From War and Gold
By Kwasi Kwarteng
European countries have high levels of trade with each other, so they needed currency exchange rates that are relatively stable. In the early twentieth century, having their currencies tied to gold provided that. After World War II, it was provided by the Bretton Woods agreement, which tied these major currencies to the dollar, which was in turn tied to gold. But after President Richard Nixon took the U.S. off the gold standard in 1971, the need reappeared and a number of European countries created a mechanism called the "snake," which constrained fluctuations of currencies, and then the "exchange rate mechanism," which did much the same thing. But the ultimate dream was to create a single currency -- the euro -- in one of the boldest monetary initiatives in history. For something so resolute and so laden with potential moral hazard, and for something that has in recent years contributed to so much European economic pain, it was surprisingly the creation of technocrats, and never taken to any country's voters for their approval:
"The fiscal situation of the European countries which aspired to join the single currency [in 1997] did not inspire confidence. All through the late 1990s, the lack of preparedness of certain EU countries to join the euro was a subject of open debate. 'There has, of course, been some sleight of hand,' wrote Rupert Cornwell in the Independent in February 1998. 'It remains mysterious quite how Italy, which for years regularly ran double-digit budget deficits, conveniently slashed last year's to a mere 2.7 per cent of GDP.' It was obvious, even before the euro was launched, that the single currency was an almost purely political project, which would be pursued without any real regard for the underlying economic reality.
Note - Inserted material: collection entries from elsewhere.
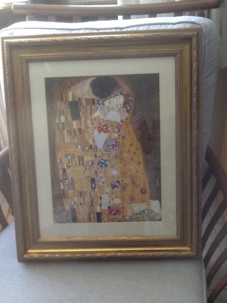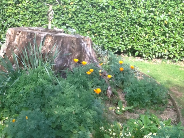 I'm sending you two photos today. One is the print I bought for DH's birthday, a famous one but one which means so much (delivered unbelievably in time by A****n) and the second is our first poppies. Used to call them Californian poppies when we lived in Scotland but not sure if that's the right description here. They grow in an oak tree stump.
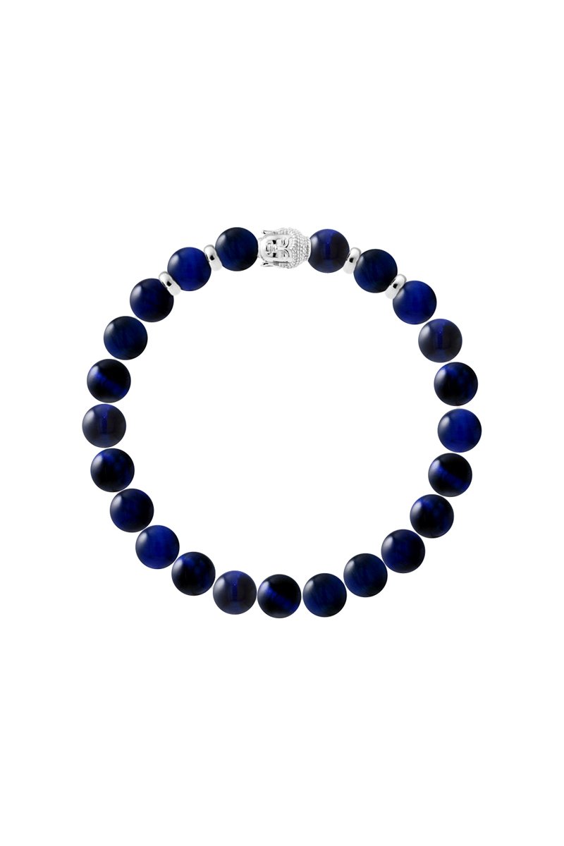 Bracciale elastico con occhi di tigre e argento.
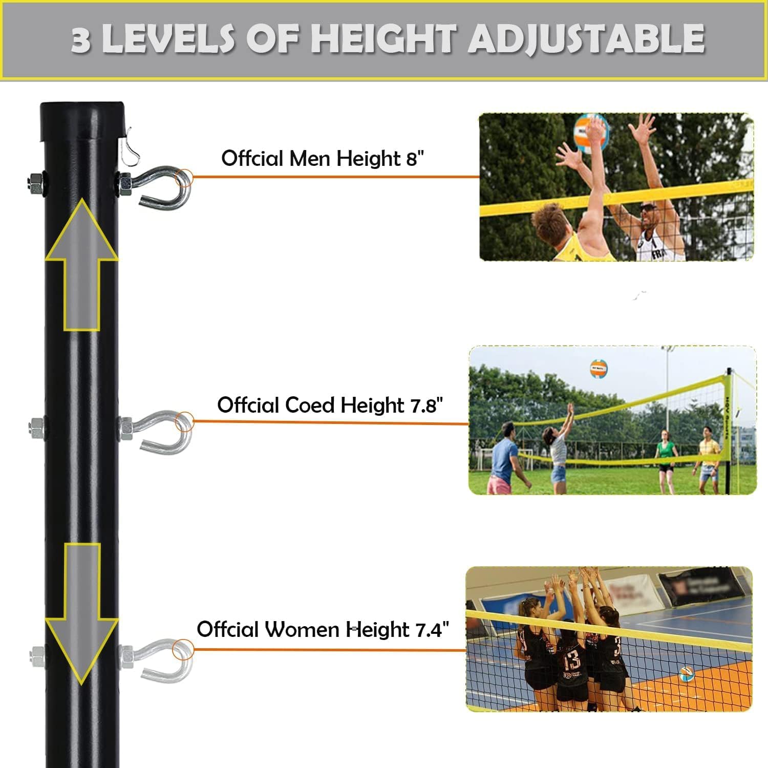 Professional Height Adjustable Size Net: The Volleyball Net Can Be Adjusted In Height With The Locking Knob For Women And Men, Or You Can Adjust The Height Down, Twisted Net Dystem Has a Simple Design And Painless Adjustment Of The Net Tension To Avoid The Net Tension And Sagging In The Middle To Play Volleyball In The Backyard With Family And Friends In a Relaxed Way
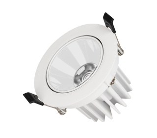 Встраиваемый поворотный светильник даунлайт. Мощность 8.4 Вт, св. поток 800 лм, 95 лм/Вт, дневной 4000 K, CRI>90, UGR<16, угол 32°, напряжение питания 230 В. Белый круглый корпус из алюминия, степень защиты IP20. Размер: диаметр 82 мм, высота 51 мм. Монтаж встраиваемый, установочное отверстие: диаметр 75 мм. Драйвер 21-42 В, 200 мА, пульсация <2%.
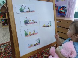 Педагоги с детьми в режимных моментах рассматривали картинки, читали произведения В.Г. Сутеева, оформляли выставку иллюстраций
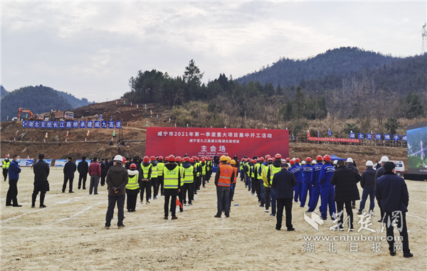 荊楚網(wǎng)客戶端—荊楚網(wǎng)消息(記者趙秀琳 通訊員周漓)1月20日,咸寧市2021年第一季度重大項目集中開工活動舉行,由湖北交投集團投資建設(shè)的咸寧至九江高速公路咸寧段項目開工建設(shè)。
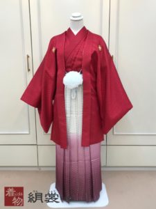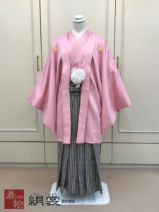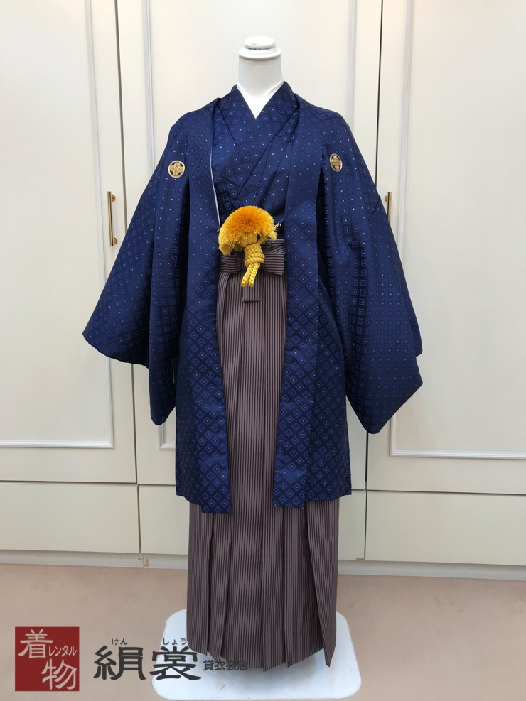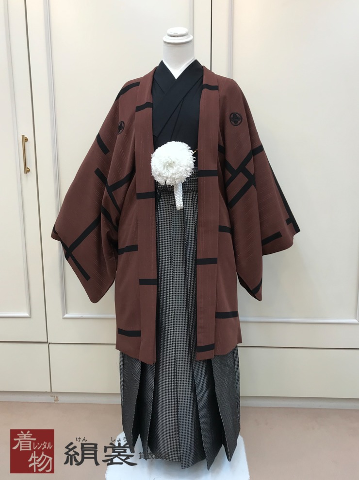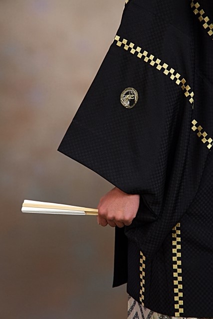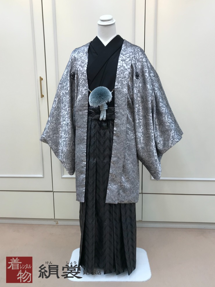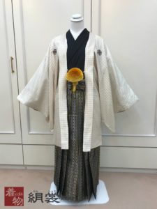 黒無地の羽織と長着に五つ紋をつけて仙台平と呼ばれる縞織りの袴を合わせるのが第一礼装で、式典、襲名式、結婚式など格式ある行事で着用します。20歳の記念にお一人はもちろんご友人とご一緒に着用されると周囲との差が付きます。
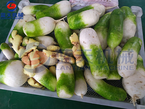 1、將新鮮出土的白蘿卜清洗干凈,量大的情況下,建議您可以選用毛輥脫皮清洗機(jī),清洗量大,速度快,效率高,您從圖片中可以看出來,清洗機(jī)不僅僅可清洗白蘿卜,還可以清洗其他物料,如:大姜、紅薯、土豆等
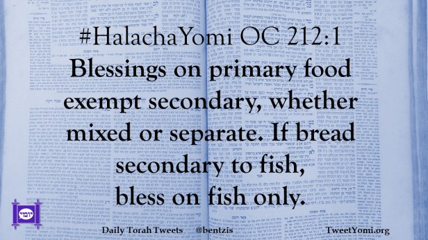 #HalachaYomi OC 212:1 Blessings on primary food exempt secondary, whether mixed or separate. If bread secondary to fish, bless on fish only.
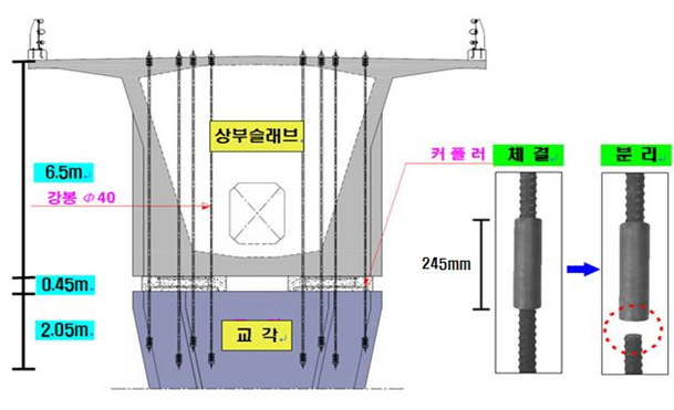 * 강봉 : 슬래브 콘크리트 타설 시 불균형 하중에 견딜 수 있도록 교각과 슬래브를 고정하는 철물
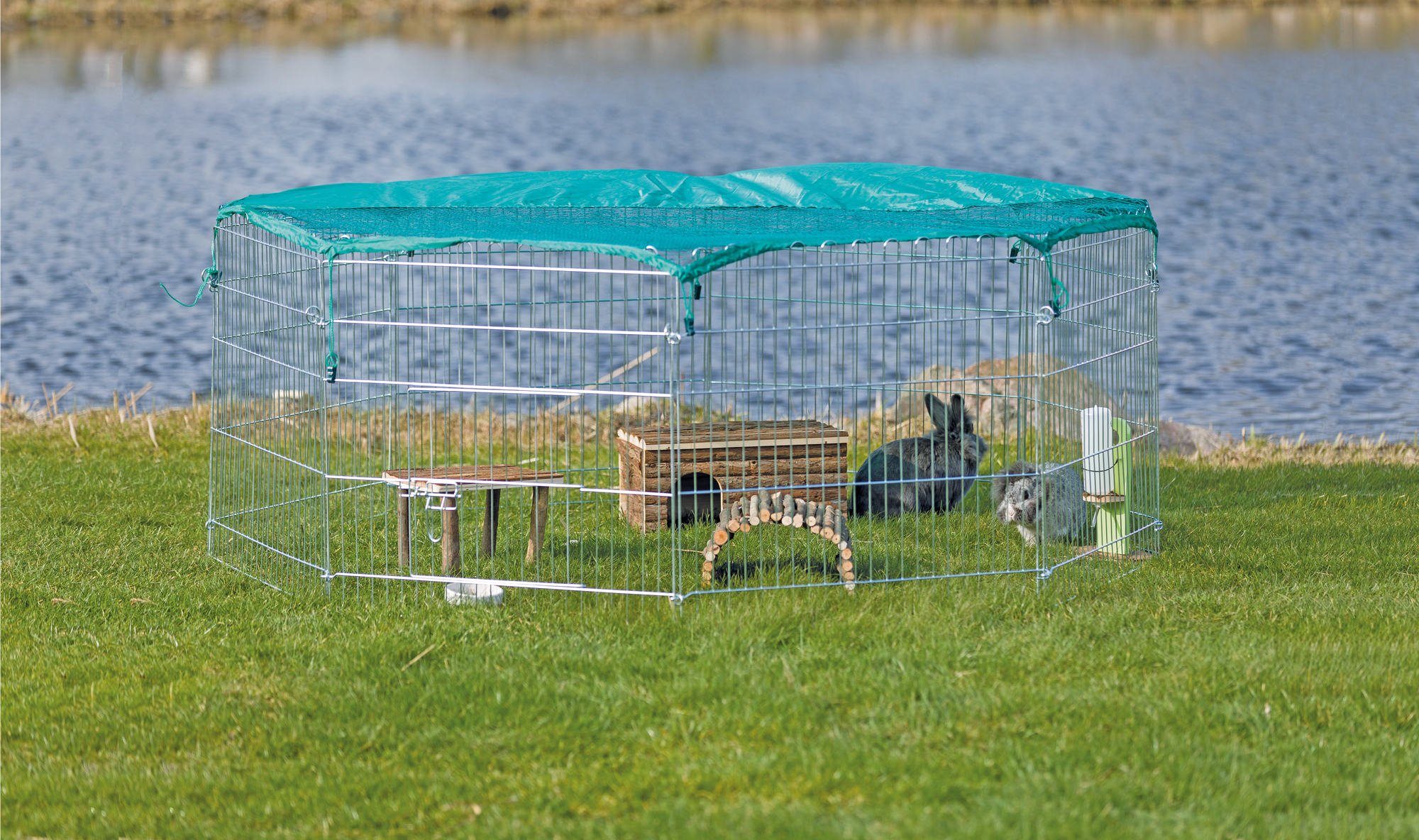 Durch die integrierte Tür können Sie Ihre Tiere einfach in das Gehege einsetzen, das mitgelieferte Schutznetz verhindert ein Herausspringen der Tiere und schützt gleichzeitig vor Greifvögeln und Katzen. Das Netz mit einer Maschenweite von ca. 1 x 1 cm ist zur Hälfte aus geschlossenem Material und dient so zusätzlich als Sonnenschutz an heißen Tagen.
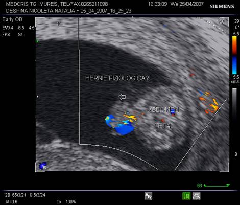recunoasterea herniei fiziologice abdominale fetale ce apare la 9 - 10 sapt si dispare la 12 - 13 sapt
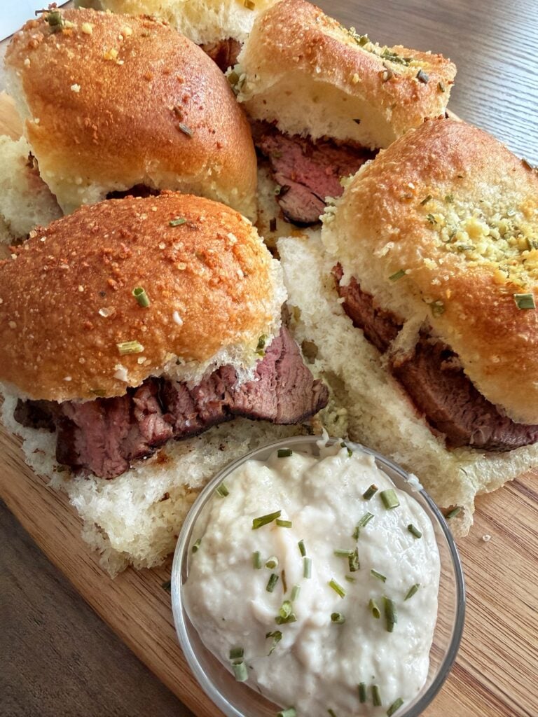 Filet Mignon Sliders on Garlic Parmesan Rolls
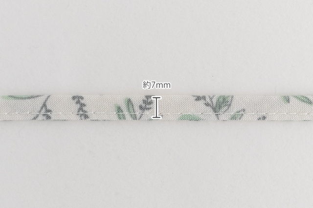 コットンを4つ折りにしてミシンステッチを施した、約7mm幅の柔らかいループひもです。

As the Frenchman Jacques Rueff had said, 'Europe will make itself by money or not at all.' The words of the Portuguese Prime Minister António Guterres at the Madrid summit in December 1995 were even more grandiose and emphatic: 'When Jesus resolved to found a church, he said to Peter, "You are Peter, the rock, and upon this rock I will build my church." You are the euro, and upon this new currency we will build our Europe.'
"There was never any idea that the people of Europe, the citizens of the individual states, would be consulted before this momentous step was taken. As [Otmar] Issing [the German economist who also served as a member of the European Central Bank's first executive board], himself later admitted, it was 'doubtless in Germany that resistance to EMU was the greatest'. The decision to 'abandon the D-Mark required a great deal of political courage', he remembered. In opinion polls conducted as late as the autumn of 1995, only 34 per cent of Germans were in favour of the single currency, while 45 per cent were against. Needless to say, these figures were reversed as the decade wore on and the single currency became more imminent. By the spring of 1999, some 55 per cent of Germans now supported the single currency while only 36 per cent continued their opposition.
"In the same poll from 1995, the Finns were shown to be the least in favour of the currency among the nations which eventually joined: 53 per cent of Finns were hostile to the currency, while only 33 per cent approved. It is important to grasp the extent to which Europe's political elites were committed to the single currency. The reasons why numerous political figures and bankers became strong advocates of the euro differed. For the Germans, it was often as much a symbol of fiscal discipline as a badge of European unity. For Issing, the benefits of the euro were explicitly focused on the need for fiscal discipline. This was a view widely held in Germany and the Netherlands.
"The people of Europe, of course, had not been consulted before the single currency was officially launched on 1 January 1999. The euro was always conceived as an elite project, conjured up by technocrats, to be foisted upon a largely acquiescent and amorphous European public. There was as yet no European superstate, a fact which worried Germans, unsure of whether a monetary union was possible without a political union."
EDITOR’S NOTE: It should be noted that although Britain joined the EU, it continued to use the pound for its currency. And now Britain is in the process of seceding from the EU.
1 comment:
History will, I expect, record that the Brits were very smart in doing so.